Валерка находил вязальную проволоку, притягивал, нетерпеливо загибая концы, какую-нибудь жёрдочку в ограде, а когда заканчивал, оказывалось, что дед и не смотрел за ним. Отвернувшись и уронив вилы, он стоял с опущенной головой, и тряслись в просторных рукавах полушубка его рукавицы.

Вечером бабушка приносила со двора серые застиранные бинты, делала из них валики, свежо пахнущие хозяйственным мылом и улицей, и уводила деда на перевязку. Они закрывались в теплушке, и было слышно, как сначала звякал брючный ремень, а потом стонал и бранился дед. После перевязки он возвращался в среднюю избу раздражённым и приносил тяжёлый запах открытой незаживающей раны, сделавшей его хромым задолго до отцова, а тем более Валеркиного рождения. Дед ложился на свою кровать, и в теплушку, ни на кого не глядя, уходила мать. Там она зажигала газетку, тыкала ею во все углы, брызгала на топчан и занавески одеколоном и спешно, оставляя сенечную дверь приоткрытой, выносила таз из-под рукомойника. Делала она все быстро и молча, так же, как забивала свежим снегом ржавые промоины в сугробе у крыльца, появлявшиеся после ночи. Вечера становились длинными и тяжкими, и Валерка, не доучивая уроков, стал уходить из дома.

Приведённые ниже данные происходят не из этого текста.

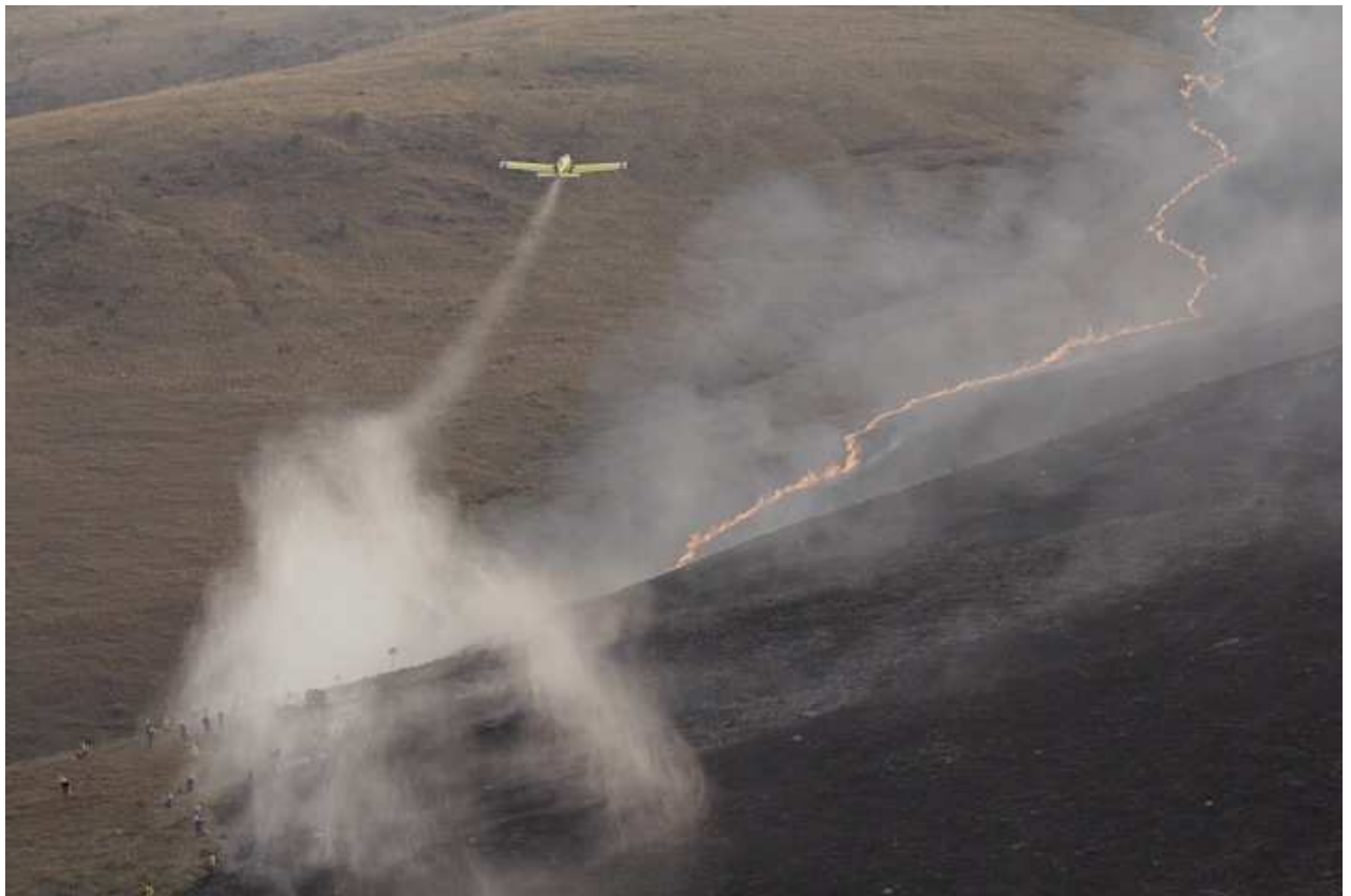
Figura 1: Combate a incêndio no Parque Nacional da Serra da Canastra.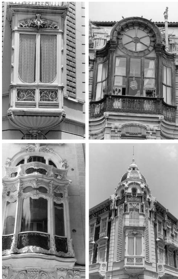
Figura 6. Los miradores en el Modernismo y el Eclecticismo

A esta primera y sencilla rejería la seguirá una lenta y progresiva evolución formal que conllevará una progresiva complejidad. Formas cada vez más elaboradas sustituirán las sencillas mallas

Выходил на задний двор, задерживался у бани, пока глаза ни привыкали к потёмкам, натягивал штанины на голенища чёсанок, чтобы, угодив в сугроб, не начерпать снега, и отправлялся прямиком на гору – на увал. Он старался устать, измотаться, чтобы потом прийти и умереть в постели до утра. Один только раз сорвался под кручу, сбитый с пути налетевшим густым мокрым снегом, оглушившим и ослепившим вдруг, а чаще всего просто шёл, взбирался, тащился километра три и возвращался назад. В голове крутились какие-нибудь случайно навязавшиеся слова вроде «у нас ещё в запасе одиннадцать минут», которые он забывал, раздеваясь в теплушке и прокрадываясь к своей кровати в горнице. Домашние спали, и даже похрапывал, наглотавшись анальгина, дед.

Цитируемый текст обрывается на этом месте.